In 2013, the French Minister of Industry expressed the desire of the French Government to take new measures designed to protect French companies against hostile takeover bids. Measures focus on the fight against creeping takeovers, the development of long-term shareholder equity and the softening of the conditions governing the issuance of so-called "poison pills." The bill called "Proposal aimed at reconquering the real economy" (“Loi visant à reconquérir l’économie réelle”) was published in the French Register (“Journal Officiel”) on April 1, 2014.

10. Competition from State-Owned Enterprises

The French Government has shareholdings in 72 companies (listed at: http://www.economie.gouv.fr/agence-participations-etat). SOEs dominate common carrier transportation (rail, bus, air) and are active in energy, defense, and the media.

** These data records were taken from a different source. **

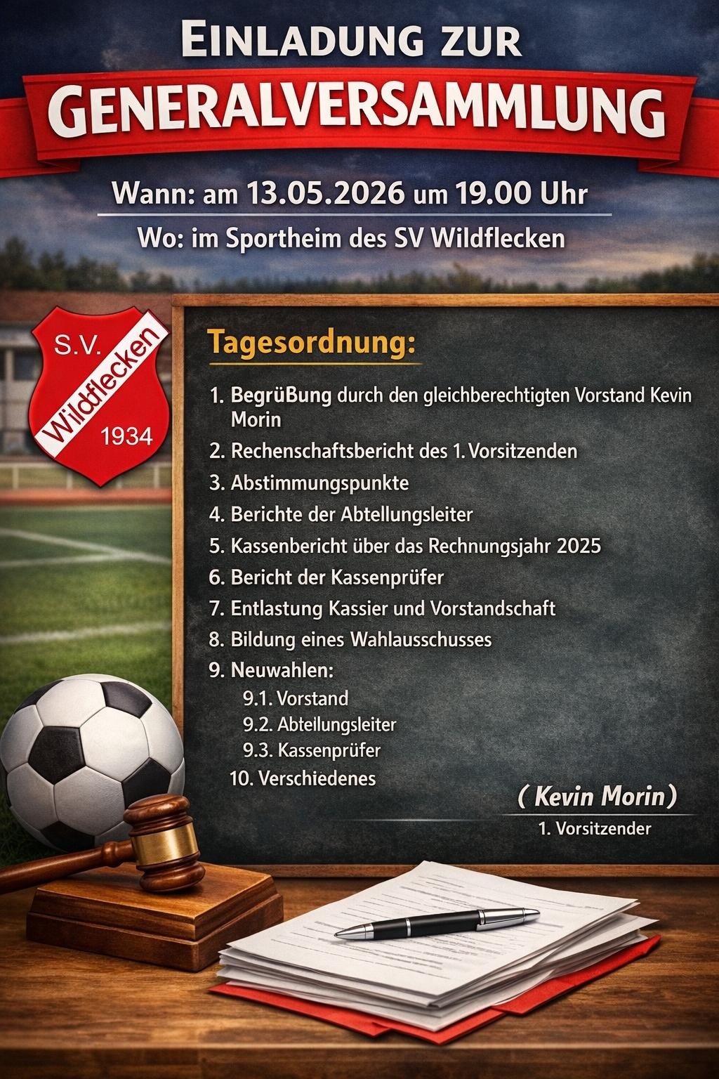 Generalversammlung – SV Wildflecken + Zu Google Kalender hinzufügen + iCal / Outlook export Datum Mai 13 2026 Uhrzeit 19:00 Veranstaltungsort Sportheim Wildflecken Am Sportplatz 1, Wildflecken Kategorie Versammlung Veranstalter SV Wildflecken Website http://www.sv-wildflecken.de/ Teile diese Veranstaltung
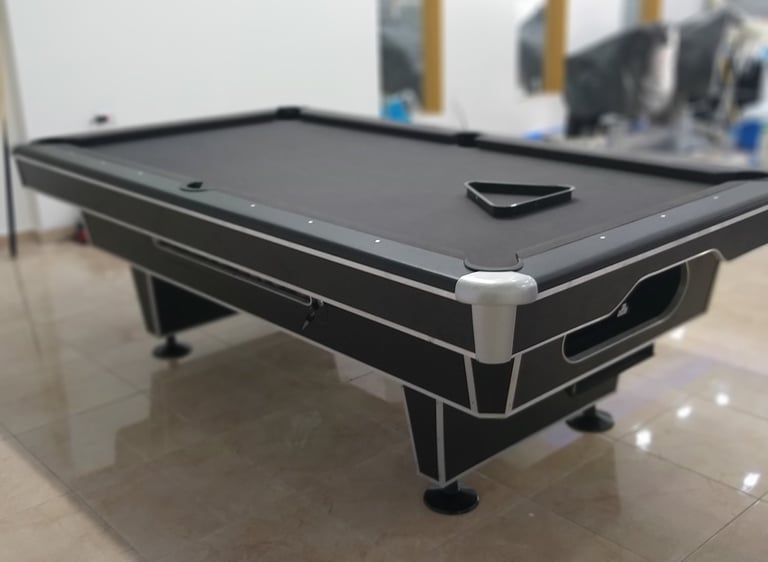 Mesa de billar profesional diseñada para ofrecer precisión, estabilidad y una experiencia de juego de alto nivel. Ideal para negocios, clubes o jugadores que buscan calidad superior.
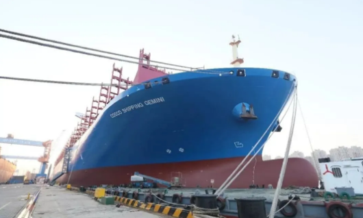 4月10日,大船集團(tuán)為中遠(yuǎn)海運集團(tuán)建造的20000TEU超大型集裝箱船“中遠(yuǎn)海運雙子座”命名交付,刷新了當(dāng)時中國建造交付最大集裝箱船的紀(jì)錄。

The French Government maintains stakes in Aéroports de Paris (50.63%), Air France KLM (15.88%), Areva (14.33%), CNP Assurances (1.1%), Airbus Group (EADS) (12%), EDF (84.44%), Orange (a direct 13.45% stake and a 13.5% stake through BPI France), GDF-Suez (36.74%), PSA (14%), Renault (15.01%), Safran (27.1%), and Thalès (27.08%), and in unlisted companies including SNCF (rail), RATP (public transport), CDC and La Banque Postale (banks). The government also has majority and minority stakes in small firms in a variety of sectors.

Guidelines on Corporate Governance of SOEs Companies owned or controlled by the state behave largely like other companies in France and are subject to the same laws and tax code. The Boards of SOEs operate according to accepted French corporate governance principles as set out in the (private sector) AFEP-MEDEF Code of Corporate Governance. SOEs are required by law to publish an annual report, and the French Court of Audit conducts financial audits on all entities in which the state holds a majority interest. The French Government appoints representatives to the Boards of Directors of all companies in which it holds significant numbers of shares, and manages its portfolio through a special unit attached to the Economics Ministry, the shareholding agency APE (“Agence de Participations de l’Etat”). In its 2013 annual report, the APE highlighted the government’s new strategy to keep a “sufficient level of control in strategically important companies” while scaling back its shareholdings in traditional industrial sectors to invest in growth companies “in key sectors for economic growth.” The sale of some of its stakes (e.g., in jet engine firm Safran, aerospace conglomerate EADS/Airbus Group and Aéroports de Paris) illustrated that strategy, generating €1.9billion ($2.63 billion) in public funds, and enabling the government to invest in its Public Investment Bank (BPI). The BPI has begun acquiring minority stakes in companies, for shorter periods than is generally the case for the government, to promote regional growth, support innovation, and help finance environmental technologies and industries of the future.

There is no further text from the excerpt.